▶ _TASK PROMPT_:
After finding the line containing "cm x P 118 cm" below, please output that line and each following one through the line containing "Beyaz frezya ile mor lisyantus Buketi", exactly as written.

▶ _RECORDS FOR PROCESSING_:
□ □ □ □ □
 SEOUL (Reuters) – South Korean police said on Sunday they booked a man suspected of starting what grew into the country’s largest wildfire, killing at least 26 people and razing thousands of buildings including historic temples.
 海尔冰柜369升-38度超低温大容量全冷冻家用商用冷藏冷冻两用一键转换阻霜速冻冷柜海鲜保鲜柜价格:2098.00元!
□ □ □ □ □
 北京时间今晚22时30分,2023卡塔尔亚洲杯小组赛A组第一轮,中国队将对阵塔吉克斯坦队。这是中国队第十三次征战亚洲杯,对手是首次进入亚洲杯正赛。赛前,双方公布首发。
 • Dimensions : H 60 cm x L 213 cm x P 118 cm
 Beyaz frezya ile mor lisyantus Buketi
□ □ □ □ □
▶ _WRITTEN RESPONSE_:
 • Dimensions : H 60 cm x L 213 cm x P 118 cm
 Beyaz frezya ile mor lisyantus Buketi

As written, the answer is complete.